Transcribe exactly, leaving out pictures, the lines from the one that holds "MEWOOFUN Stilvolle Katzenbetten" through the end of the data below, including both end lines and no others.

#### [Raw data]
——————

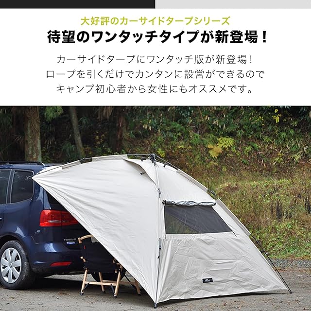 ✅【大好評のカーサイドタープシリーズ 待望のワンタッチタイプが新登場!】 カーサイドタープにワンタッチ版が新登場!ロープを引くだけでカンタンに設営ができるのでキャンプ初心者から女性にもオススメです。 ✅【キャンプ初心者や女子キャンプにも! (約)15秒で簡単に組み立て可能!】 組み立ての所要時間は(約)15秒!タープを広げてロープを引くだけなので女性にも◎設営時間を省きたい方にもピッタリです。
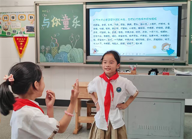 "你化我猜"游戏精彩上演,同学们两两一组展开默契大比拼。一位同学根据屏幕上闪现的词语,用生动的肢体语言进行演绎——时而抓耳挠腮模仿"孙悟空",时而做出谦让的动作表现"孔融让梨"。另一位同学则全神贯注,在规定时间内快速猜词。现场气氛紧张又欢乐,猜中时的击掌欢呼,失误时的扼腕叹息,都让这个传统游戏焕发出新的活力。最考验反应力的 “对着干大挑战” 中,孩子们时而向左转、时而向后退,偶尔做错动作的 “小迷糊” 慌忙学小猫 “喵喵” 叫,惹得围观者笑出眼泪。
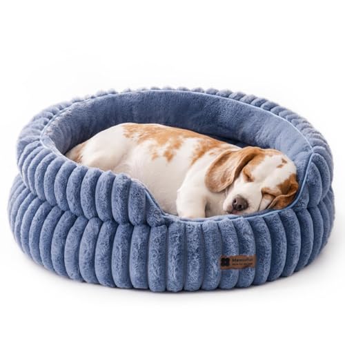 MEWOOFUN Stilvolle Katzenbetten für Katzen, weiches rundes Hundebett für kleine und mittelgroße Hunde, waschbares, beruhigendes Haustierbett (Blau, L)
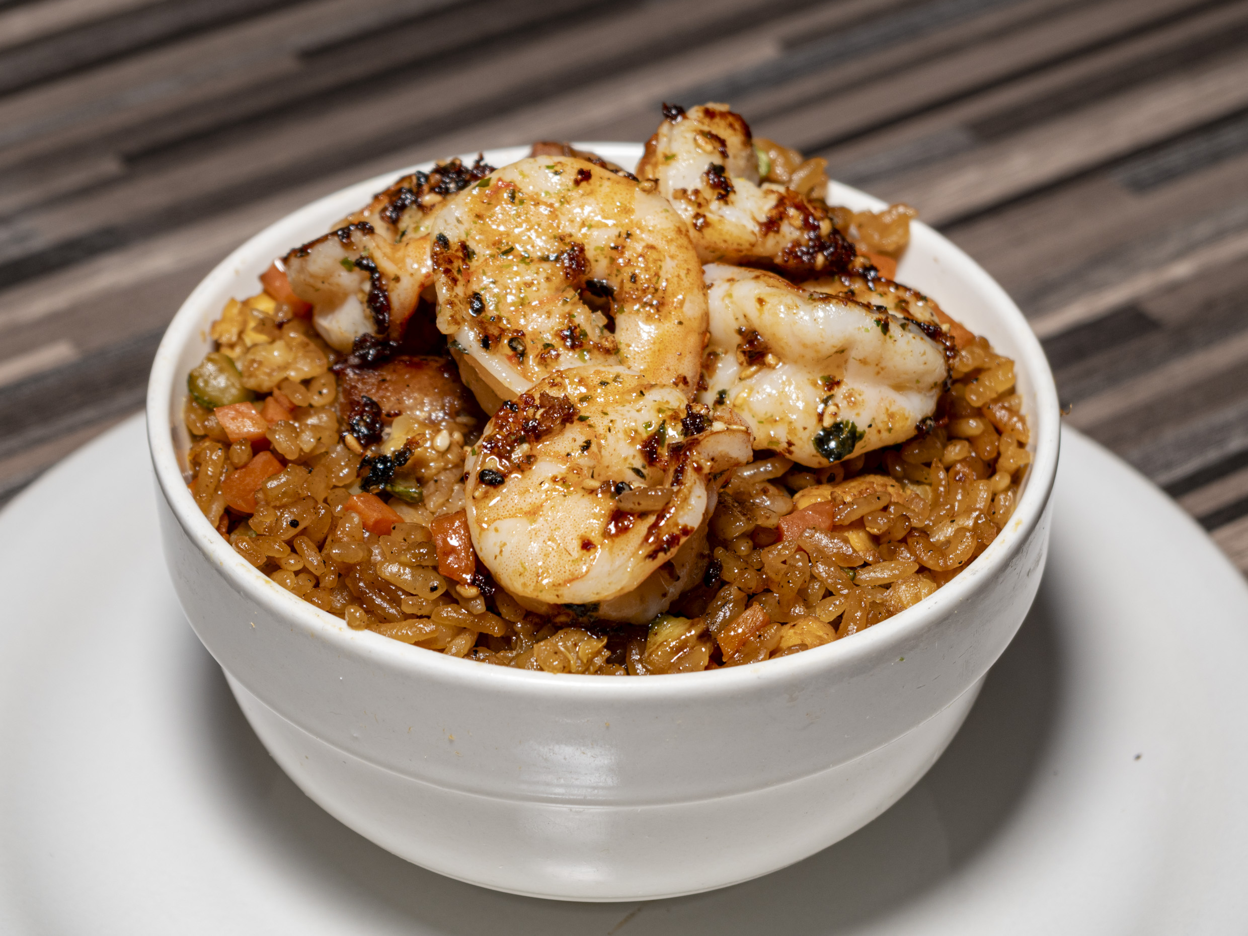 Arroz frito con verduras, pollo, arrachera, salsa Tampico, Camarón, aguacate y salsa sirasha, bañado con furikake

——————

#### [Result of the task]
 MEWOOFUN Stilvolle Katzenbetten für Katzen, weiches rundes Hundebett für kleine und mittelgroße Hunde, waschbares, beruhigendes Haustierbett (Blau, L)
 Arroz frito con verduras, pollo, arrachera, salsa Tampico, Camarón, aguacate y salsa sirasha, bañado con furikake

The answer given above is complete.